A manufacturer has designed a process to produce pipes that are 10 feet long. The distribution of the pipe length, however, is actually Uniform on the interval 10 feet to 10.57 feet. Assume that the lengths of individual pipes produced by the process are independent. Let X and Y represent the lengths of two different pipes produced by the process.

What is the joint pdf for X and Y?

Homework Equations

The Attempt at a Solution

My roommate says the answer is $f(x,y) = 1 / 0.57^2, 10 \leq x \leq 10.57, 10 \leq y \leq10.57$

I understand why $10 \leq x \leq 10.57, 10 \leq y \leq 10.57$, but why is $f(x,y) = 1 / 0.57^2$?

My thoughts so far:
Isn't $f(x,y) = 1 / 0.57^2$ really just $f(x,y) = (1 / 0.57)(1 / 0.57)$, where $f(x) = f(y) = 1 / 0.57$?

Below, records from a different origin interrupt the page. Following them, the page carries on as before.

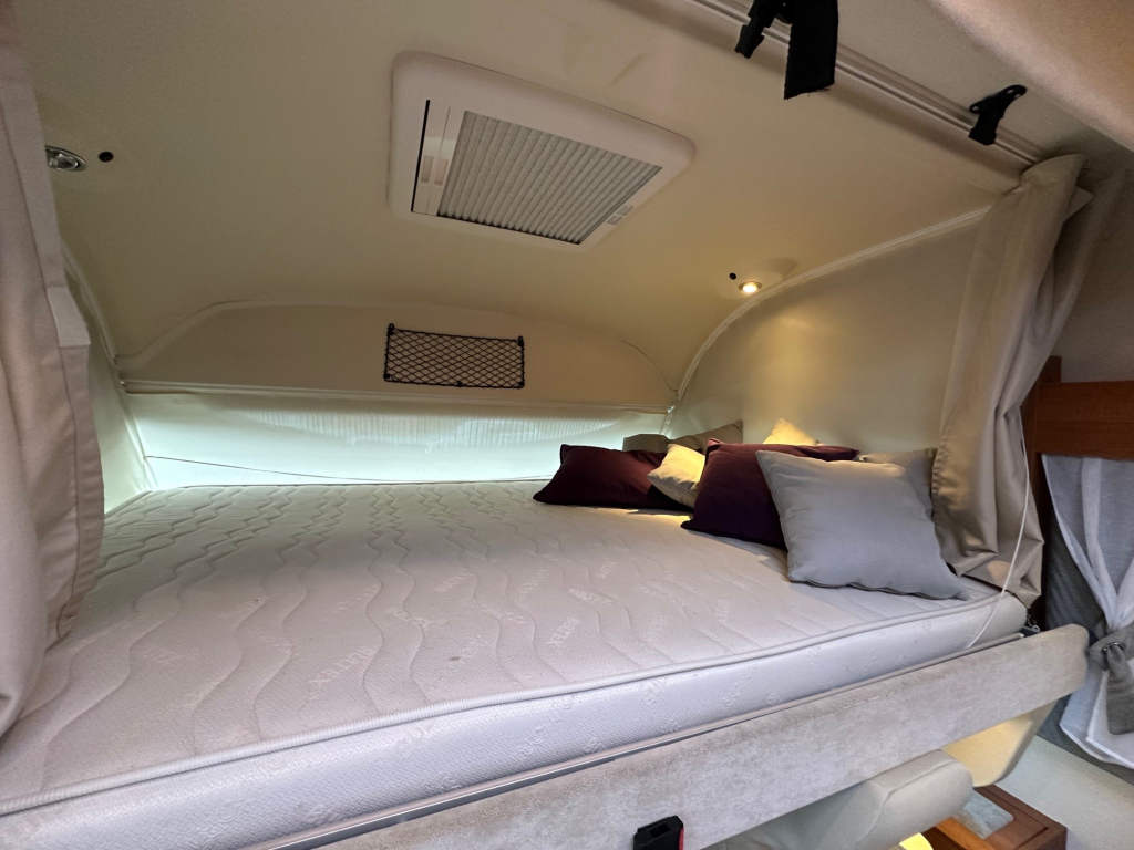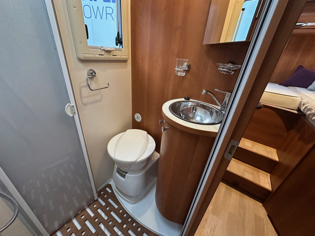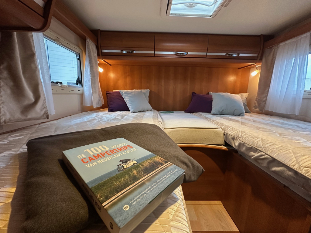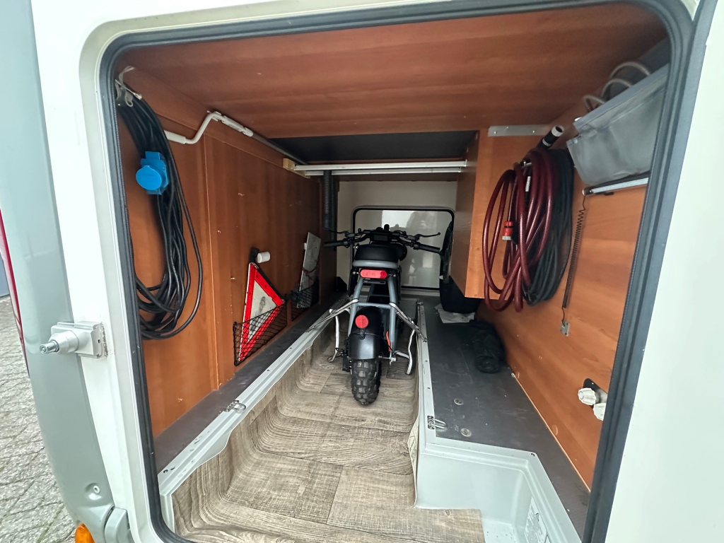 Achterin bevinden zich comfortabele enkele bedden die eenvoudig toegang bieden en zorgen voor een prettige nachtrust. Daarnaast is de camper voorzien van een hefbed, waardoor er extra slaapplaatsen beschikbaar zijn zonder dat dit ten koste gaat van de leefruimte overdag. De ruime badkamer en de grote garage maken het comfortniveau compleet. In de garage is meer dan voldoende plaats voor fietsen, kampeeruitrusting en andere bagage.
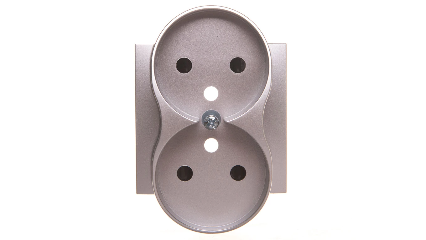 Pokrywa gniazda podwójnego z przesłonami do ramek PREMIUM, srebrny mat SIMON54 o numerze katalogowym DGZ2MZP/43 w kategorii Plakietki, Ramki, klawisze, plakietki. Produkt wyprodukowany przez markę KONTAKT-SIMON, seria SIMON 54.
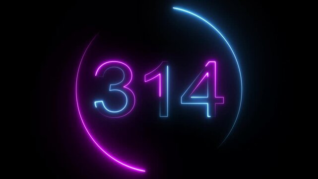 A dynamic circular animation, and glowing neon number 314 animation . on a black background. and creating a stunning video.4k video
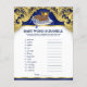Jogos para chá de bebê de príncipe afro-americano com caça-palavras de bebê de um lado, e quiz de parlendas do outro. Este folheto de jogo de chá de bebê de príncipe azul royal e dourado é divertido e econômico! Você pode mudar as perguntas e as palavras. Distribua-os aos seus convidados dizendo-lhes para não olhar, então inicie o cronômetro. Quando o tempo acabar, leia as respostas e a pessoa com mais acertos ganha um prêmio. Lance uma moeda ou algo semelhante para desempatar. Você também pode adicionar suas próprias palavras e rimas.
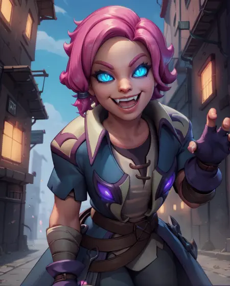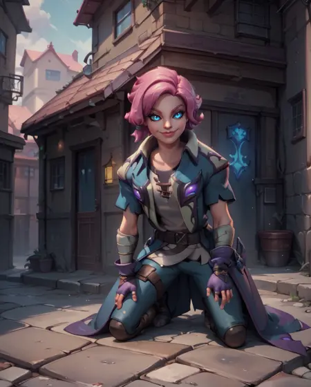 Meave, 짧은 핑크색 머리카락, 머리 묶음, 파란 눈.

What I really don't understand is why $f(x) = 1 / 0.57$ in the first place? Where does that term come from? I get that it's a constant because the distribution is uniform, but why is it a fraction and why is the denominator $0.57$?

 

[RUber]

$f(x) = \frac{1}{0.57}$ because $\int_{10}^{10.57} f(x) dx = 1$ and $f(x)$ is constant.

 

[Ray Vickson]

Homework Statement

A manufacturer has designed a process to produce pipes that are 10 feet long. The distribution of the pipe length, however, is actually Uniform on the interval 10 feet to 10.57 feet. Assume that the lengths of individual pipes produced by the process are independent. Let X and Y represent the lengths of two different pipes produced by the process.

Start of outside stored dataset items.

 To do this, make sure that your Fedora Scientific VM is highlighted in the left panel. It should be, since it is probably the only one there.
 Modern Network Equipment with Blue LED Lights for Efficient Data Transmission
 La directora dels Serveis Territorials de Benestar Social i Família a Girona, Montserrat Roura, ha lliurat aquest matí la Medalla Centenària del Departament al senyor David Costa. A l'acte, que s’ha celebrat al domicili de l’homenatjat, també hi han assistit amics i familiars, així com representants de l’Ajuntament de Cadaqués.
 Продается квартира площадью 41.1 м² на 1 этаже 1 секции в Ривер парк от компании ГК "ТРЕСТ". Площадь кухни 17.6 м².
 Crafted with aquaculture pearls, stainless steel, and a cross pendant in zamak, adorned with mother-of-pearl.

What is the joint pdf for X and Y?

Homework Equations

The Attempt at a Solution

My roommate says the answer is $f(x,y) = 1 / 0.57^2, 10 \leq x \leq 10.57, 10 \leq y \leq10.57$

I understand why $10 \leq x \leq 10.57, 10 \leq y \leq 10.57$, but why is $f(x,y) = 1 / 0.57^2$?

My thoughts so far:
Isn't $f(x,y) = 1 / 0.57^2$ really just $f(x,y) = (1 / 0.57)(1 / 0.57)$, where $f(x) = f(y) = 1 / 0.57$?

What I really don't understand is why $f(x) = 1 / 0.57$ in the first place? Where does that term come from? I get that it's a constant because the distribution is uniform, but why is it a fraction and why is the denominator $0.57$?

The random variables are uniform over intervals of length 0.57.